* _ASSIGNED TASK_: Beginning with the line containing "College legal age" and ending with the line containing "Over the following", write out each line of the records below exactly; pictures and lines outside that range are left out.

**** ENTRIES SUPPLIED ****

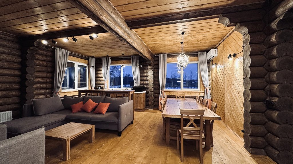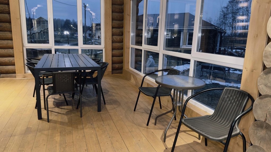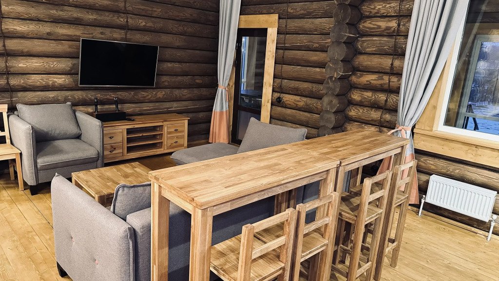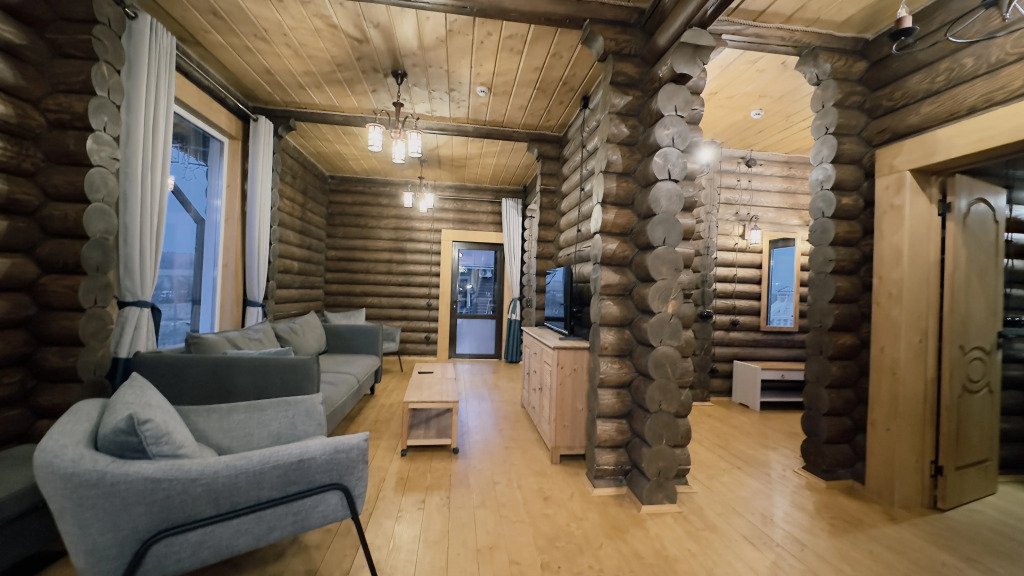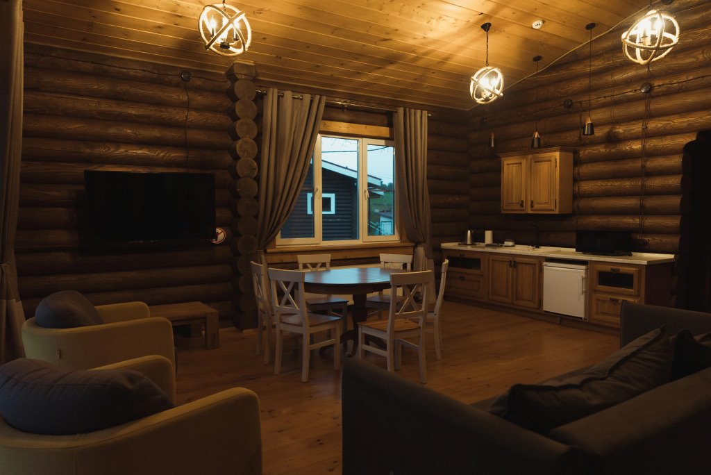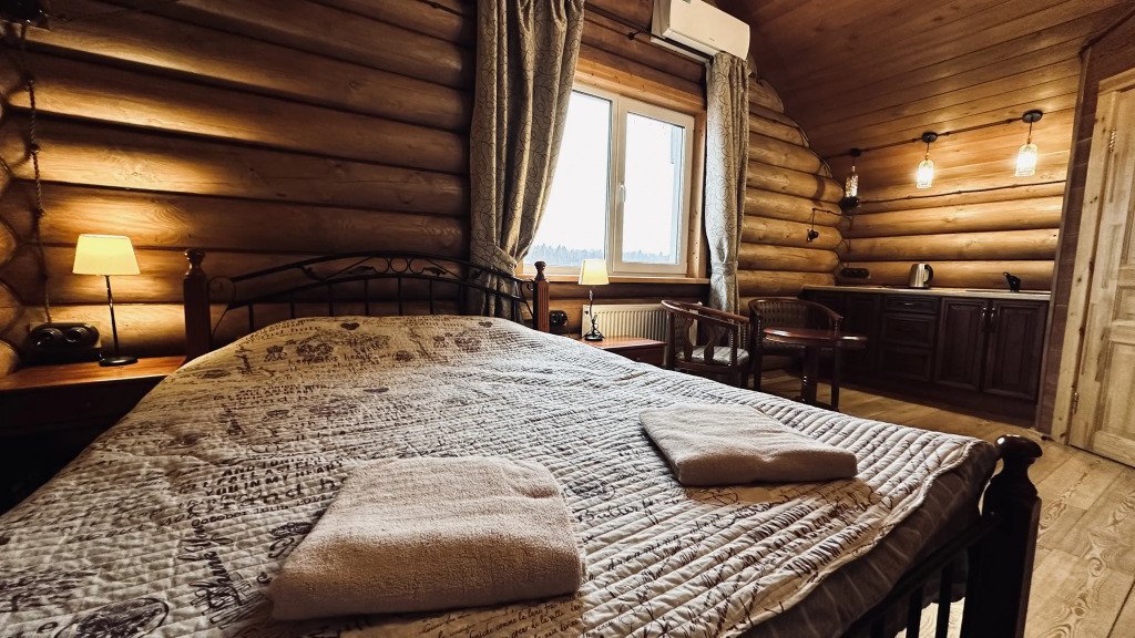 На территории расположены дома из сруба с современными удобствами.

****
**** ENTRIES SUPPLIED ****

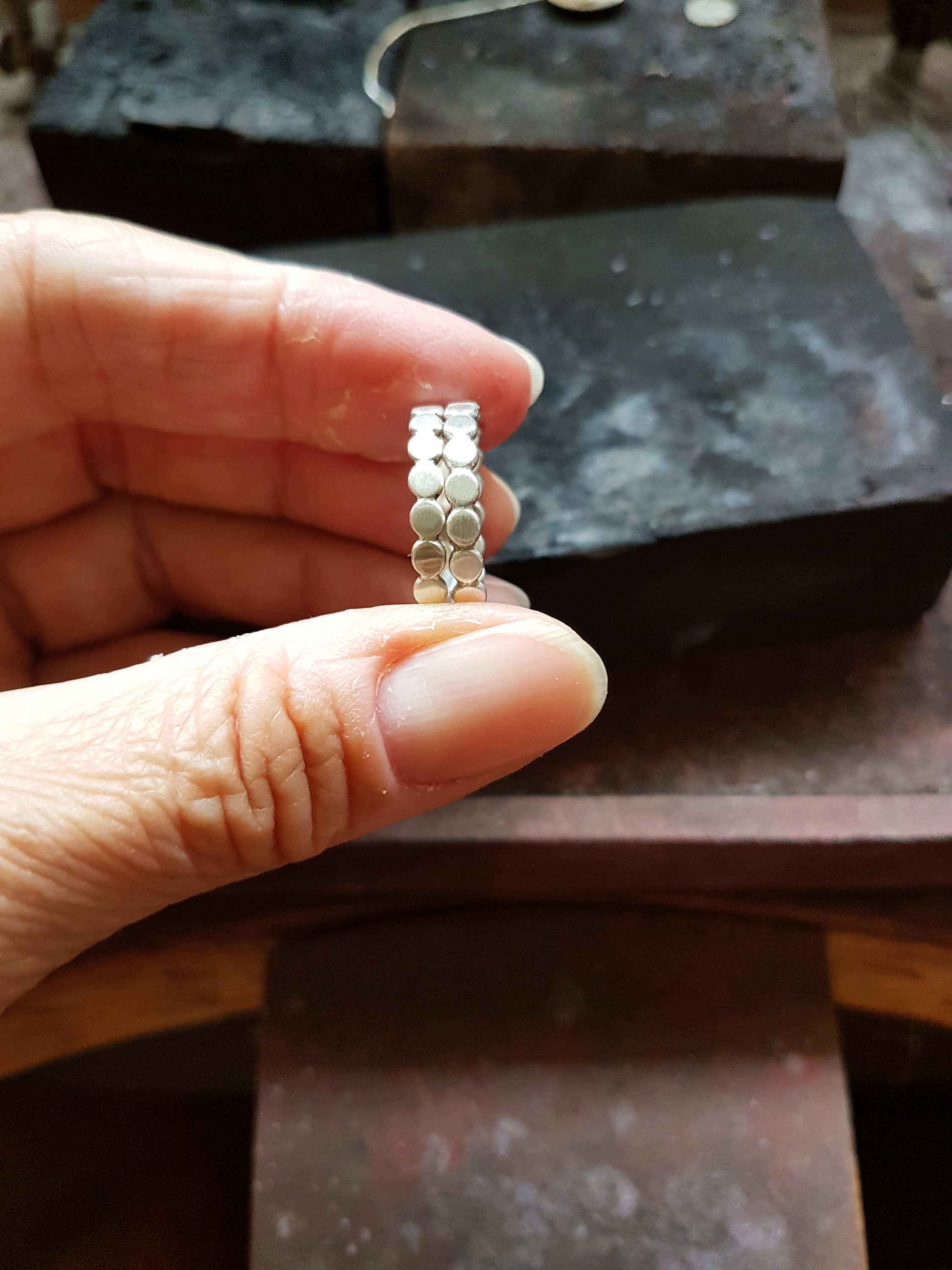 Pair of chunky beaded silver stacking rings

****
**** ENTRIES SUPPLIED ****

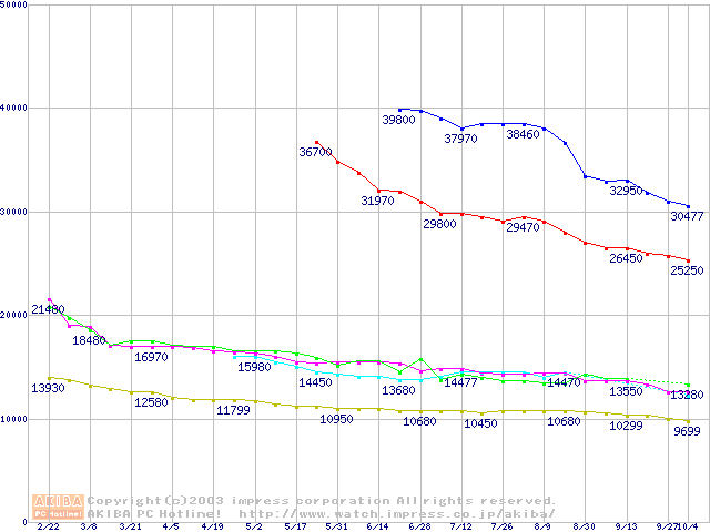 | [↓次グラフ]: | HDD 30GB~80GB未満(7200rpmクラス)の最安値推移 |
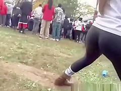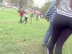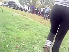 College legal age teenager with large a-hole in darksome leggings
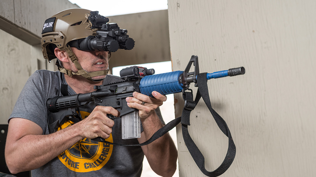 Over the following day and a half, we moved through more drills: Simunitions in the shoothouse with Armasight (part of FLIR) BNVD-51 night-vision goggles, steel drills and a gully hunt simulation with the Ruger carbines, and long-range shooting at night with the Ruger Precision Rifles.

****

* _REPLY_:
 College legal age teenager with large a-hole in darksome leggings
 Over the following day and a half, we moved through more drills: Simunitions in the shoothouse with Armasight (part of FLIR) BNVD-51 night-vision goggles, steel drills and a gully hunt simulation with the Ruger carbines, and long-range shooting at night with the Ruger Precision Rifles.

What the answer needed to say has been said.